--- Data ---
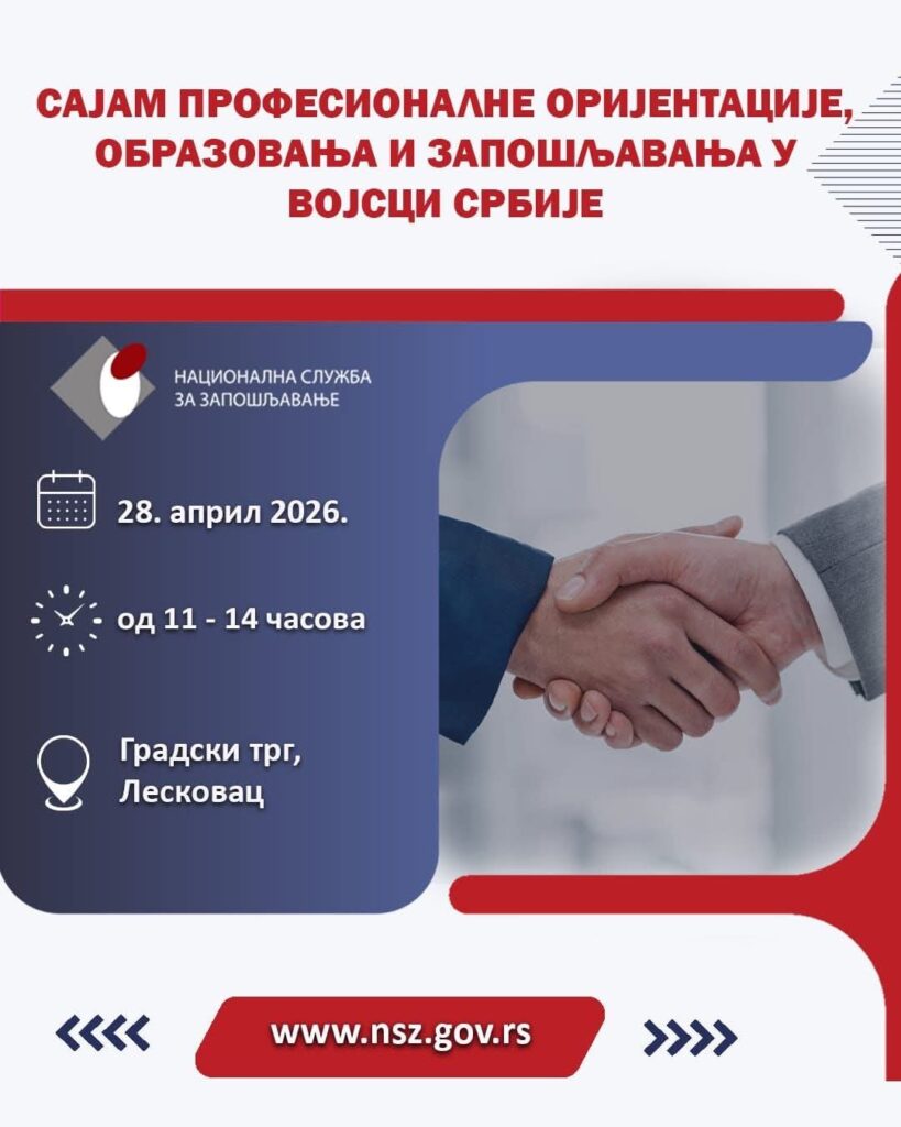 Povod za razgovor je Sajam profesionalne orijentacije, obrazovanja i zapošljavanja u Vojsci Srbije, koji će sutra, 28. aprila, biti održan na centralnom gradskom trgu u Leskovcu.
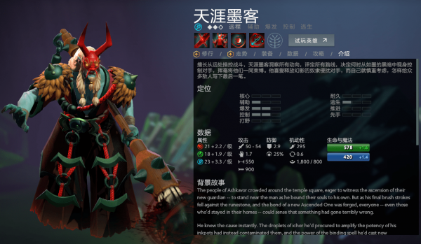 dota2的天涯墨客是一位新加入的智力英雄,他的官方定为是爆发与辅助,很多人还不知道他的加点玩法,下面一起来看看吧。
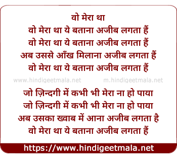 Lyrics of Woh Mera Tha Ye - वो मेरा था
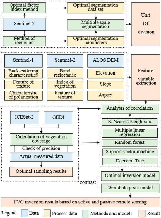 This study combines active and passive multi-source remote sensing data to conduct inversion research on vegetation coverage. Firstly, based on actual measurement data, the vegetation coverage sampling capabilities of active ICESat-2 and GEDI spaceborne LiDAR were explored, and satellite ground collaborative vegetation coverage sampling was conducted. Secondly, effective remote sensing estimation factors for different vegetation types from multi-source data such as passive optical remote sensing Sentinel-2, active microwave remote sensing Sentinel-1, and DEM were explored. The objectives of this study are as follows: (1) Determine the optimal segmentation inversion unit for ground FVC estimation and determine the parameter values set for each factor. (2) Extract feature variable datasets from various remote sensing sources for different ground FVC inversion purposes and identify the key feature variables. (3) Compare FVC estimation models employing different algorithms and select the most effective inversion model.
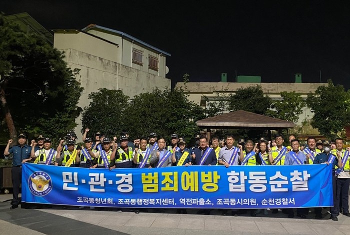 이날 합동 순찰에는 조곡동 청년회원 25명, 순천경찰서와 역전파출소 직원 15명, 순천역전파출소 자율 방범대원 10명, 조곡동 행정복지센터 직원과 주민 20여 명이 함께 참여하여 취약지 골목길 및 봉화산 둘레길 입구에서 야간순찰 활동을 실시했으며, 방범 진단을 통해 보다 더 안전하고 효율적인 방범활동을 모색하는 자리가 됐다.
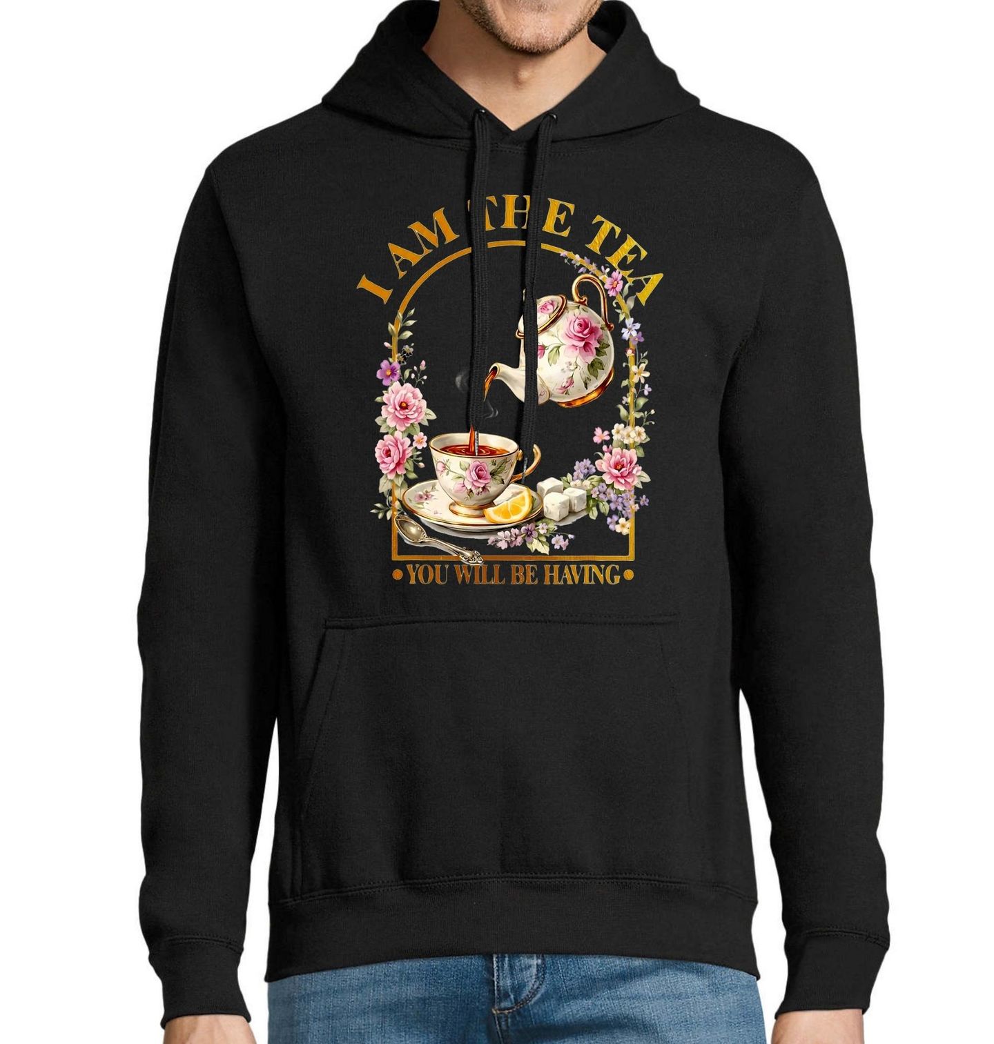 Pánská mikina Drby u Čaje I am the tea you will be having. I am the tea you will be having česky Já jsem ten čaj, který budeš pít. Elegantní a jemný motiv, který spojuje lásku k čaji a pořádné drby. Květinový porcelán, šálek horkého čaje a sladké detaily vytváří dokonalou atmosféru klidného posezení – ideálně s kamarádkou a dobrou konverzací. „The tea“ v angličtině neznamená jen čaj, ale taky slangově drby / gossip
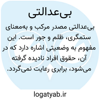 مصدر مرکب و بهمعنای ستمگری، ظلم و جور است. این مفهوم به وضعیتی اشاره دارد که در آن، حقوق افراد نادیده گرفته میشود، برابری رعایت نمیگردد و انصاف جای خود را به تبعیض و نابرابری میدهد. بیعدالتی ریشه در نادیده گرفتن اصول اخلاقی و قوانین عادلانه دارد و میتواند در سطوح فردی، اجتماعی و بینالمللی ظاهر شود. این پدیده شوم، خود را در اشکال گوناگونی همچون تبعیض در توزیع منابع، نقض حقوق بنیادین بشر، قانونشکنی توسط صاحبان قدرت و ایجاد نابرابریهای ساختاری نشان میدهد. پیامدهای بیعدالتی میتواند بسیار گسترده باشد و از ایجاد نارضایتی و کاهش اعتماد عمومی تا بروز تنشهای اجتماعی و درگیریهای جدی را در پی داشته باشد. وجود بیعدالتی، آرامش و تعادل جامعه را برهم زده و مانع اصلی در مسیر پیشرفت و توسعهی همهجانبه محسوب میشود.
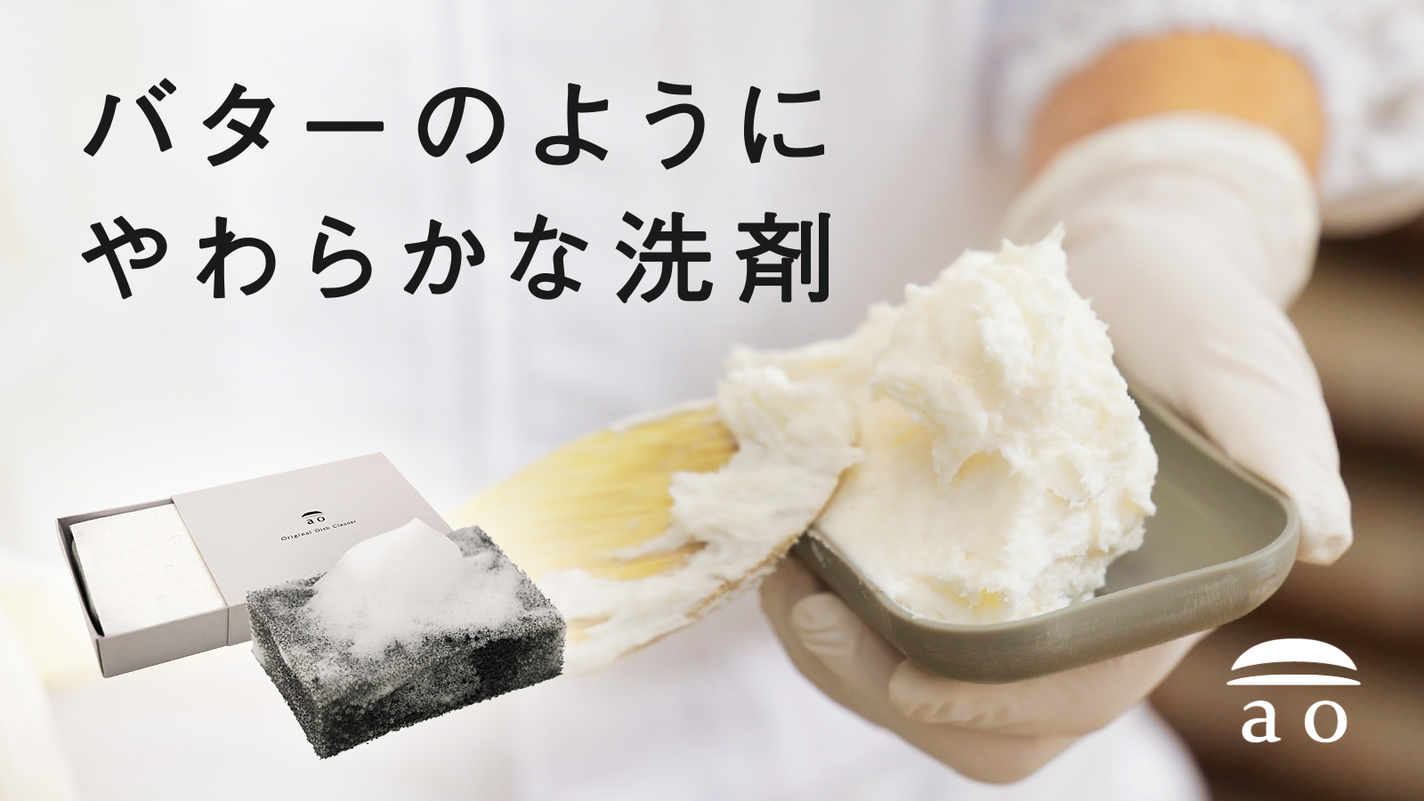 キッチンブランド「ao」のコンセプトは「less is more(少ないほど豊かである)」。⼈にも環境にも優しいサスティナブルな商品を研究開発し、ついにオリジナル商品(食器用固形洗剤) が完成しました。
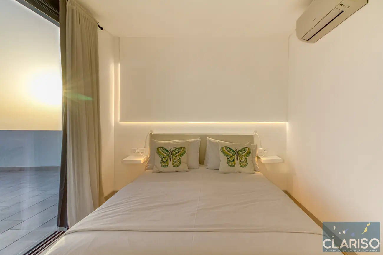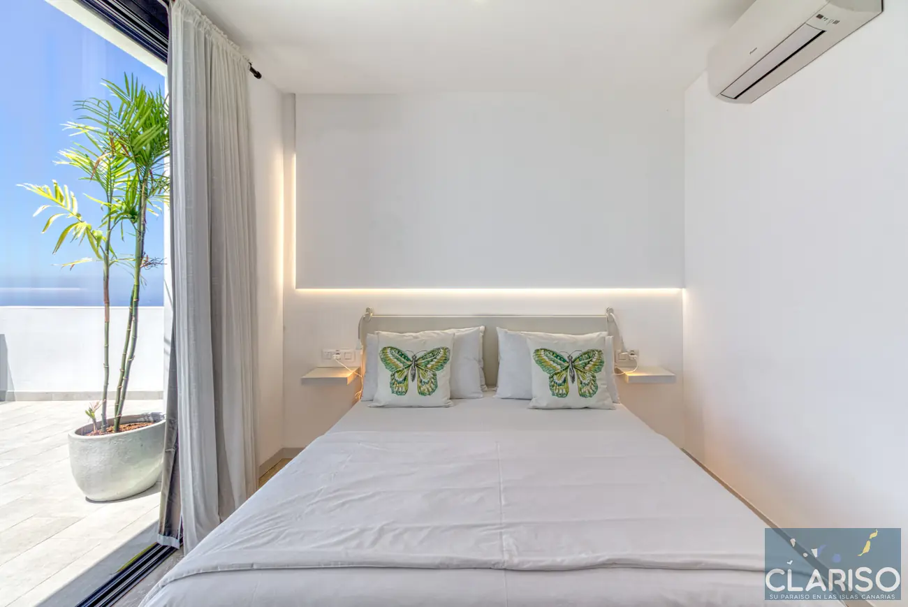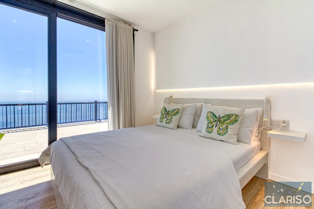 De slaapkamer met tweepersoonsbed biedt dankzij een grote schuifpui met zeezicht een heerlijk wakker worden met uitzicht. Airconditioning en een tv zorgen voor extra comfort. Een open garderoberuimte met elegant ontwerp leidt naar de moderne badkamer, die in twee delen is verdeeld: vooraan een wastafel met spiegel, daarachter een inloopdouche (met regendouche en massagefunctie) en een apart toilet.
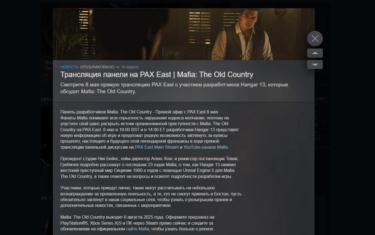 Ещё больше интересных видео на YouTube канале Игромании!Hangar 13 случайно раскрыла дату выхода Mafia: The Old Country — 8 августа 2025 года. Информация появилась в новости на странице игры в Steam, посвящённой предстоящей презентации проекта на выставке PAX East, которая пройдёт 8 мая. При этом официального подтверждения даты релиза от 2K и разработчиков пока не поступало.
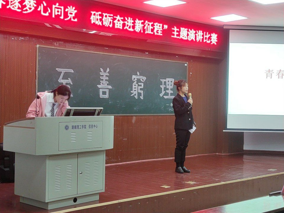 为献礼中国共产党成立100周年,展现物电学子向上向善的精神风貌,5月22日晚,物电学院于六栋学术报告厅举行了“青春逐梦心向党,砥砺奋进新征程”主题演讲比赛决赛。研究生辅导员许邕子老师、第十五届演讲比赛优秀选手彭惠和团学分会主席团部分成员及学习部部长担任此次比赛评委,19级、20级部分学生观赛,共计10名选手参赛。
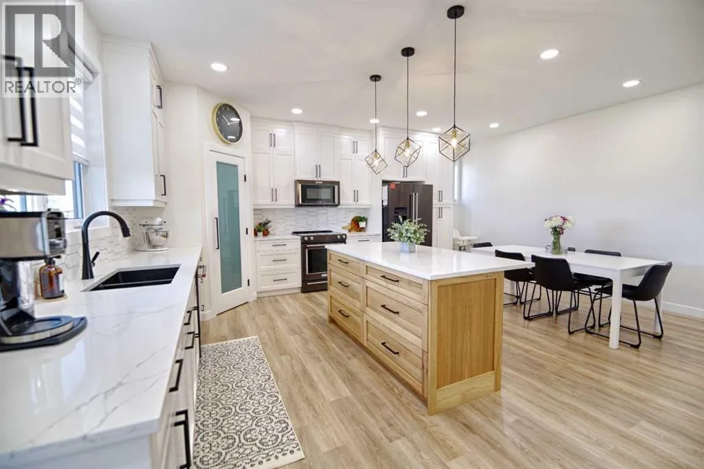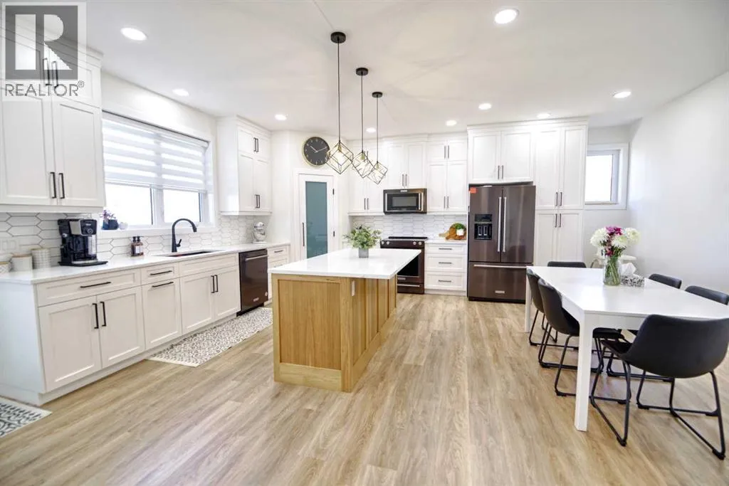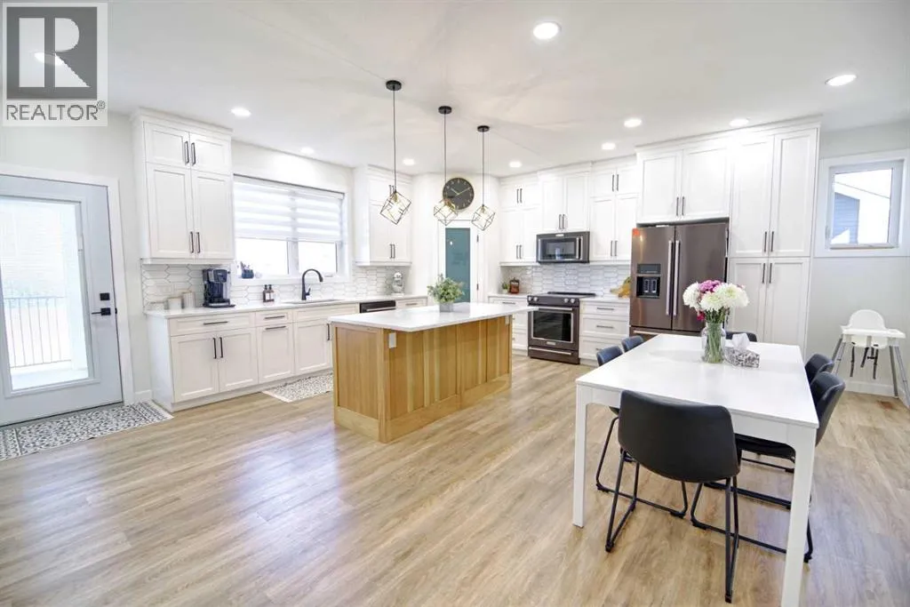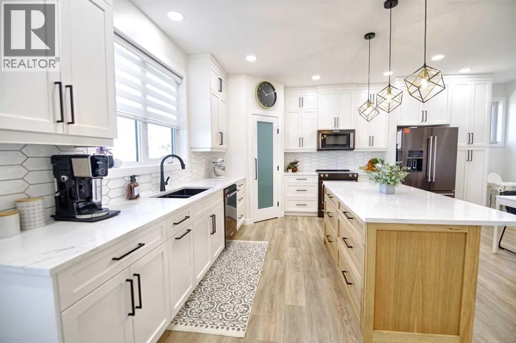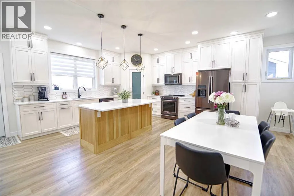 Welcome to this beautifully appointed home in the heart of Barnwell. Step inside and youâll be greeted by a bright, open kitchen and dining area, where natural light fills the space and everyday moments feel like a retreat. The main floor offers two comfortable bedrooms, a laundry room, and a cozy living room perfect for relaxing. Upstairs, the private master suite is a true escape, featuring a luxurious tile shower and all the comforts you deserve. The fully finished basement expands your living space with two additional bedrooms and a full 4-piece bathroom, ideal for family or guests. Practicality meets style in the spacious garage, complete with an epoxy floor and a sink with running waterâperfect for keeping your vehicles and gear spotless. Outside, enjoy the peace and privacy of having no neighbors to the westâperfect for soaking in those breathtaking Alberta sunsets. To add to this already great property, there are underground sprinklers that keep the lawn lush, all summer long. This home truly combines comfort, style, and a serene setting. (id:27476)
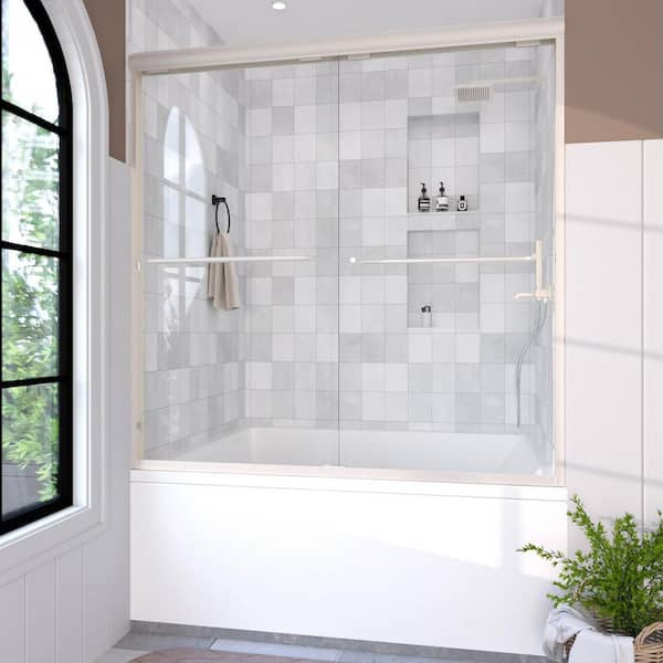 Sivilian 60 in. W x 56 in. H Sliding Bath Tub Door in Semi Frameless in Brushed Nickel with Clear Glass

--- What is being asked ---
Output each entry above word for word. The pictures stay out.

--- Answer to this exercise ---
 Povod za razgovor je Sajam profesionalne orijentacije, obrazovanja i zapošljavanja u Vojsci Srbije, koji će sutra, 28. aprila, biti održan na centralnom gradskom trgu u Leskovcu.
 dota2的天涯墨客是一位新加入的智力英雄,他的官方定为是爆发与辅助,很多人还不知道他的加点玩法,下面一起来看看吧。
 Lyrics of Woh Mera Tha Ye - वो मेरा था
 This study combines active and passive multi-source remote sensing data to conduct inversion research on vegetation coverage. Firstly, based on actual measurement data, the vegetation coverage sampling capabilities of active ICESat-2 and GEDI spaceborne LiDAR were explored, and satellite ground collaborative vegetation coverage sampling was conducted. Secondly, effective remote sensing estimation factors for different vegetation types from multi-source data such as passive optical remote sensing Sentinel-2, active microwave remote sensing Sentinel-1, and DEM were explored. The objectives of this study are as follows: (1) Determine the optimal segmentation inversion unit for ground FVC estimation and determine the parameter values set for each factor. (2) Extract feature variable datasets from various remote sensing sources for different ground FVC inversion purposes and identify the key feature variables. (3) Compare FVC estimation models employing different algorithms and select the most effective inversion model.
 이날 합동 순찰에는 조곡동 청년회원 25명, 순천경찰서와 역전파출소 직원 15명, 순천역전파출소 자율 방범대원 10명, 조곡동 행정복지센터 직원과 주민 20여 명이 함께 참여하여 취약지 골목길 및 봉화산 둘레길 입구에서 야간순찰 활동을 실시했으며, 방범 진단을 통해 보다 더 안전하고 효율적인 방범활동을 모색하는 자리가 됐다.
 Pánská mikina Drby u Čaje I am the tea you will be having. I am the tea you will be having česky Já jsem ten čaj, který budeš pít. Elegantní a jemný motiv, který spojuje lásku k čaji a pořádné drby. Květinový porcelán, šálek horkého čaje a sladké detaily vytváří dokonalou atmosféru klidného posezení – ideálně s kamarádkou a dobrou konverzací. „The tea“ v angličtině neznamená jen čaj, ale taky slangově drby / gossip
 مصدر مرکب و بهمعنای ستمگری، ظلم و جور است. این مفهوم به وضعیتی اشاره دارد که در آن، حقوق افراد نادیده گرفته میشود، برابری رعایت نمیگردد و انصاف جای خود را به تبعیض و نابرابری میدهد. بیعدالتی ریشه در نادیده گرفتن اصول اخلاقی و قوانین عادلانه دارد و میتواند در سطوح فردی، اجتماعی و بینالمللی ظاهر شود. این پدیده شوم، خود را در اشکال گوناگونی همچون تبعیض در توزیع منابع، نقض حقوق بنیادین بشر، قانونشکنی توسط صاحبان قدرت و ایجاد نابرابریهای ساختاری نشان میدهد. پیامدهای بیعدالتی میتواند بسیار گسترده باشد و از ایجاد نارضایتی و کاهش اعتماد عمومی تا بروز تنشهای اجتماعی و درگیریهای جدی را در پی داشته باشد. وجود بیعدالتی، آرامش و تعادل جامعه را برهم زده و مانع اصلی در مسیر پیشرفت و توسعهی همهجانبه محسوب میشود.
 キッチンブランド「ao」のコンセプトは「less is more(少ないほど豊かである)」。⼈にも環境にも優しいサスティナブルな商品を研究開発し、ついにオリジナル商品(食器用固形洗剤) が完成しました。
 De slaapkamer met tweepersoonsbed biedt dankzij een grote schuifpui met zeezicht een heerlijk wakker worden met uitzicht. Airconditioning en een tv zorgen voor extra comfort. Een open garderoberuimte met elegant ontwerp leidt naar de moderne badkamer, die in twee delen is verdeeld: vooraan een wastafel met spiegel, daarachter een inloopdouche (met regendouche en massagefunctie) en een apart toilet.
 Ещё больше интересных видео на YouTube канале Игромании!Hangar 13 случайно раскрыла дату выхода Mafia: The Old Country — 8 августа 2025 года. Информация появилась в новости на странице игры в Steam, посвящённой предстоящей презентации проекта на выставке PAX East, которая пройдёт 8 мая. При этом официального подтверждения даты релиза от 2K и разработчиков пока не поступало.
 为献礼中国共产党成立100周年,展现物电学子向上向善的精神风貌,5月22日晚,物电学院于六栋学术报告厅举行了“青春逐梦心向党,砥砺奋进新征程”主题演讲比赛决赛。研究生辅导员许邕子老师、第十五届演讲比赛优秀选手彭惠和团学分会主席团部分成员及学习部部长担任此次比赛评委,19级、20级部分学生观赛,共计10名选手参赛。
 Welcome to this beautifully appointed home in the heart of Barnwell. Step inside and youâll be greeted by a bright, open kitchen and dining area, where natural light fills the space and everyday moments feel like a retreat. The main floor offers two comfortable bedrooms, a laundry room, and a cozy living room perfect for relaxing. Upstairs, the private master suite is a true escape, featuring a luxurious tile shower and all the comforts you deserve. The fully finished basement expands your living space with two additional bedrooms and a full 4-piece bathroom, ideal for family or guests. Practicality meets style in the spacious garage, complete with an epoxy floor and a sink with running waterâperfect for keeping your vehicles and gear spotless. Outside, enjoy the peace and privacy of having no neighbors to the westâperfect for soaking in those breathtaking Alberta sunsets. To add to this already great property, there are underground sprinklers that keep the lawn lush, all summer long. This home truly combines comfort, style, and a serene setting. (id:27476)
 Sivilian 60 in. W x 56 in. H Sliding Bath Tub Door in Semi Frameless in Brushed Nickel with Clear Glass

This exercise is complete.